Only the wage union can save Europe from total disintegration
Talking about Jobbik’s wage union initiative, Mr Róna said it was the perfect tool for raising awareness of the huge wage gap between western and eastern member states (we must note here that the professor wrongly referred to the opposition party’s initiative as something that was pointless in this form; later on somebody from the audience pointed it out to him – the ed.). The economist busted a myth widely spread by the opponents of the wage union, who claim that the unreasonable wage gap is caused by the low productivity of Eastern Central Europe, including Hungary. As he put it, even though productivity does have a role in wage differences, it does not explain why a Hungarian worker of a multinational company makes 33 per cent of the western wages when the Hungarian productivity reaches 66 per cent of the western one.
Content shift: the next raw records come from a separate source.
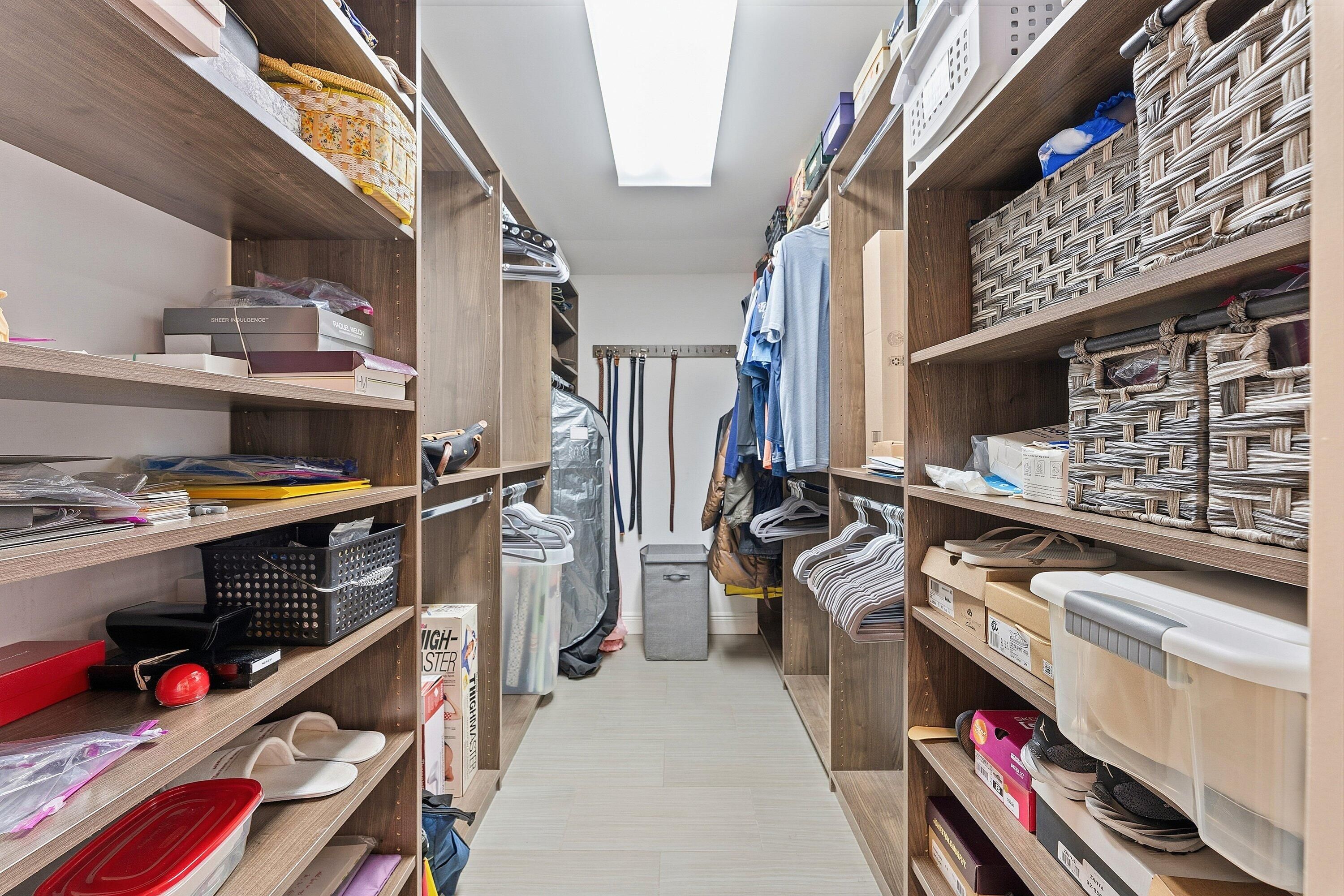 - Closet Cabinetry, Entry Level Living Area, Entrance Foyer, Skylights, High Ceilings, Walk-In Closet(s), Wet Bar, Eat-in Kitchen, Separate/Formal Dining Room, Blinds, Single Hung Metal Window(s), Sliding Window(s), Dual Sinks, Primary Downstairs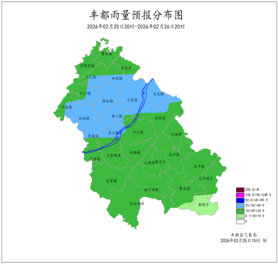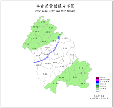 2026年2月24日16时至2月25日16时我县阴天有小雨。最大降雨量为1.3mm(兴义水天坪);最低气温3.9 (南天湖景区)~13.4℃,最高气温9.0~24.8℃(兴龙)。丰都国家基本站雨量0.9mm,最低气温11.3℃,最高气温20.6℃。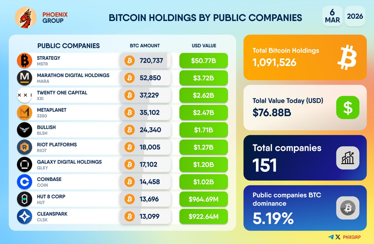 Public companies continue to expand their Bitcoin holdings, solidifying cryptocurrency's role in traditional financial markets. With industry leaders like #Strategy holding substantial amounts, the total $BTC reserved by these firms now surpasses an impressive 1,091,526 $BTC, representing significant confidence in Bitcoin's long-term value. As the market matures, these holdings underscore the evolving relationship between traditional institutions and digital assets.
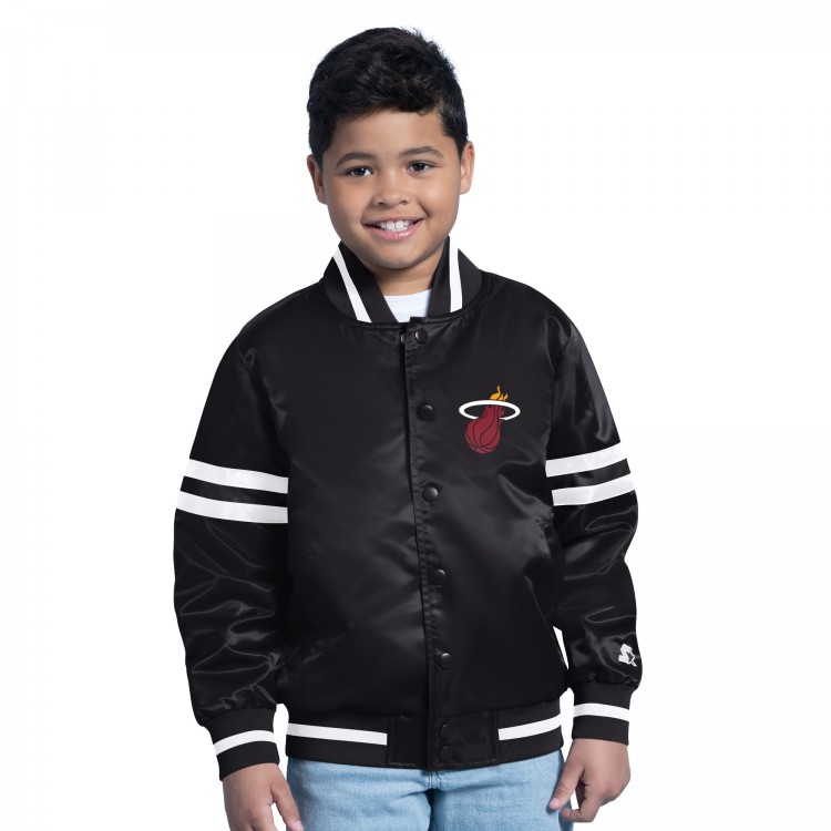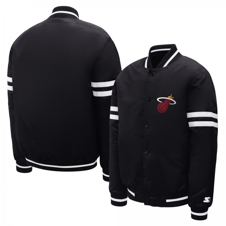 Подростковая Miami Heat Starter Black Satin Full-Snap Varsity Jacket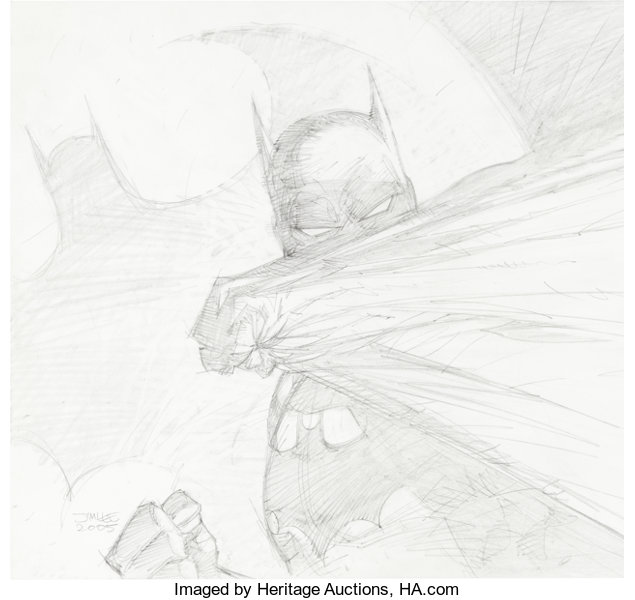 Jim Lee Batman:Hush Absolute Edition Endpaper Illustration Original Art (DC Comics, 2005). The year long saga "Hush" dealt with Batman's friendships, trust, and betrayal that pitted him against the deadliest members of his Rogue's Gallery and introduced his newest foe! This original pencil sketch is from the Jim Lee sketchbook that was included in the Absolute Edition, as noted by Lee himself on the en verso of the page. Created in graphite on Bristol board with an image area of 17" x 11". Light handling wear and signed by Lee in the lower left. In Excellent condition. Current bid: $2069.

He explained that the problem could not be solved immediately and it must be carried out “carefully considering each and every step” but he also stated that “if we fail to do it, Europe will be torn apart”. He concluded that “if Europe is truly a community of destiny, then we cannot allow one person to be paid X while the other is paid nothing.” In Mr Róna’s opinion, what might tear the European Union and the whole continent apart is not the immigration problem but “the silent frustration and anger that just keeps swelling up in so many EU citizens; it is difficult to express and it is very humiliating.” He added that people were reluctant to acknowledge that they were humiliated, so they tend to blame scapegoats to vent their anger on; as an example, he cited post-Brexit xenophobia directed at Eastern European workers.
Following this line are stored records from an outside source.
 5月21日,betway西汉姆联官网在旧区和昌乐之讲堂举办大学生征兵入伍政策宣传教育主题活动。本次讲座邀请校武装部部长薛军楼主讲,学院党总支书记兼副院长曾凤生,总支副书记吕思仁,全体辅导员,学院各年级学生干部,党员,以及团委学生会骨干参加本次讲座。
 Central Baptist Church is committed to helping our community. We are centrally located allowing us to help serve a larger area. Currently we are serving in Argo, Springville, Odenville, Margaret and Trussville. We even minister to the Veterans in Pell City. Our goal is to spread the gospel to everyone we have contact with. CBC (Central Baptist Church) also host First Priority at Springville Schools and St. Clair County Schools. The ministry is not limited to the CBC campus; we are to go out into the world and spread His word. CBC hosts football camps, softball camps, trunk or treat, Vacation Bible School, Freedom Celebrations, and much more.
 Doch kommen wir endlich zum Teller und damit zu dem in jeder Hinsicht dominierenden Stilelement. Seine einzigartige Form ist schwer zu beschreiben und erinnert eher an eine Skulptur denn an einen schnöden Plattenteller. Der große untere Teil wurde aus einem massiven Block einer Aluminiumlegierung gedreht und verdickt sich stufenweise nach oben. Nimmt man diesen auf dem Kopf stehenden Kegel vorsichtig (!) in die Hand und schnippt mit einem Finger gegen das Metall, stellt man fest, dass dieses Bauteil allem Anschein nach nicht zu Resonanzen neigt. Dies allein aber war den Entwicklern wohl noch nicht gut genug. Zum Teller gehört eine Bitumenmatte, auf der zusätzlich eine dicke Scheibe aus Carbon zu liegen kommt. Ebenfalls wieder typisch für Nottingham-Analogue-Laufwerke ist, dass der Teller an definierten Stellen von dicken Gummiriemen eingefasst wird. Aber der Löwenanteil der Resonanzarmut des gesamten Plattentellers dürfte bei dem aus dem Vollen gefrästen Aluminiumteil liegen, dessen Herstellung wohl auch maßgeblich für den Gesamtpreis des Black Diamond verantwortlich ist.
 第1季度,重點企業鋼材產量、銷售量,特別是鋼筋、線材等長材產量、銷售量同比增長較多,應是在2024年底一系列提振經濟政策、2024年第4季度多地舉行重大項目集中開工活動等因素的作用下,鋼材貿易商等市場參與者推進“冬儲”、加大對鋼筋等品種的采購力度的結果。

Talking about the practicality of the wage union, Mr Róna said that the concept was feasible in the long run but it was a substantial process with several preconditions: for example,
Hungary should withdraw the one-tier tax system and immediately stop the discrimination of Hungarian enterprises compared to multinational companies.
He added that as soon as the big business stopped draining the creative labour force from the Hungarian economy, the pressing shortage of workers would be eliminated and Hungarian enterprises could become competitive, too.
Political creatures and colonialism
Answering a question on Hungary’s economic independence, the professor said: “Viktor Orbán has never attempted to fight colonization, other than with his mouth.” Adding that there was no freedom fight in a country where the Prime Minister and his administration paid multinational companies 4.5 times more than local enterprises for each job created, he pointed out that domestic businesses still had to pay 2.5 times more taxes while, unlike big foreign companies, they were never paid upfront 4-5 years’ worth of employee salaries, from the taxpayers’ money.
“Hungary’s colonization had never reached such a level and magnitude as in the past seven years. (…) This kind of national economic policy is a policy of total dependence,” the professor emphasized, adding that the bad post-Communist economic paradigm of bringing in foreign capital, which Viktor Orbán is a part of, had its roots back in the pre-WW1 period. The audience asked questions about the “new Hungarian billionaires” fattened up by the Fidesz government, such as Lőrinc Mészáros, István Garancsi, Andy Vajna and the others; more specifically, they wanted to know if these individuals could create a strong Hungarian economy and more jobs. Mr Róna’s response was quite clear:
“They became billionaires from the taxpayers’ money, (…), they are basically political creatures and not talented, productive entrepreneurs” so they could not drive the Hungarian economy even if they wanted to.